The election result has only served to compound the Brexit uncertainty that we were already so conscious of then. And in that context what prospect is there to stimulate philanthropy through new forms of taxefficient giving?

Updating tax-efficient giving measures

In an age of consumer choice I am firmly of the belief that we need an improved tax-efficient giving ‘toolkit’. By this I mean a set of measures that allow people to give using tax-efficient mechanisms that suit them best. The measures would need to be constantly reviewed to ensure that they are ‘fit for purpose’ and reflect the realities of modern life. This should take account of the differing and changing needs of those who want to give but need the right structures to make this work optimally for them. No one measure will deliver the knockout blow. This is where the giving toolkit comes into play.

That is not to say that we are starting off from a bad place. The existing measures are useful and varied including Gift Aid, payroll giving, gifts of shares and gifts of property. More recent tax reliefs include the reduced inheritance tax rate that is applied where more than 10% of the estate is left to charity, and there are measures for social investment tax relief. This is not to forget the cultural gifts exemption.

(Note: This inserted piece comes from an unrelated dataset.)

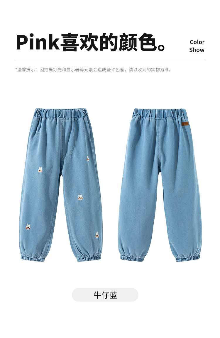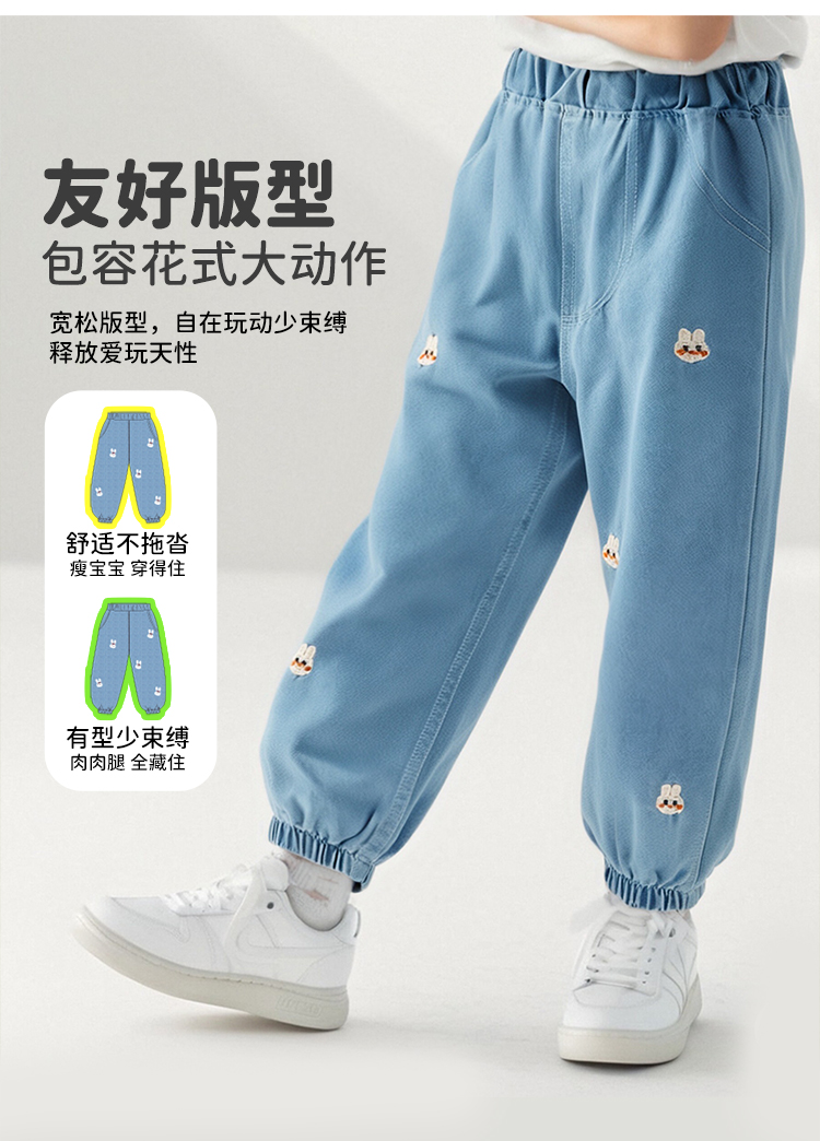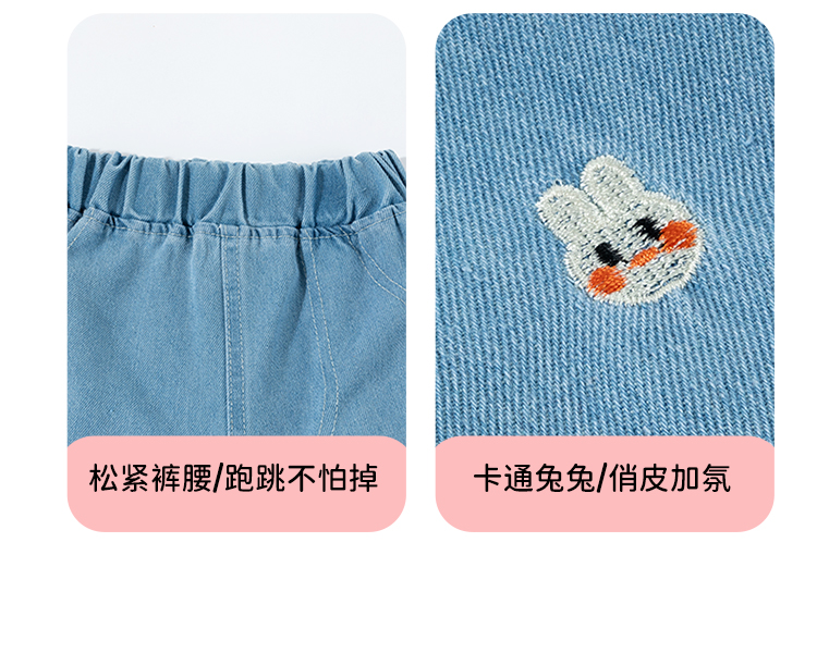 贝贝怡2025春秋新款柔软牛仔裤中大童百搭休闲裤刺绣萌兔女孩牛仔裤ZB3EK017

So the resources in the existing toolkit are many and they all play their part. Like any toolkit some of the tools will be used all the time whilst others will be only brought into use occasionally in particular circumstances. But they may need refreshing from time to time if they are to be as effective as they might be and it is some time since there have been major changes to it so the toolkit is beginning to look a little bit worn. So are there new measures that might reinvigorate our toolkit?

Anyone hearing the last Budget would not be full of optimism about that. We clearly have a Government that is not minded to address anything other than what’s urgent as it has too many other things to focus on. But, it will not necessarily stay like this forever. And we need to be ready for that when it happens.

That is where grounds for optimism might lie. When the dust settles, the place and need for philanthropy is likely to be clearer than ever – especially given the strains on public services.

So what principles should guide us in lobbying for change? Most importantly, the giving must always be the priority. Tax efficiency must be secondary to that. The ‘tax tail’ must not wag the ‘giving dog’.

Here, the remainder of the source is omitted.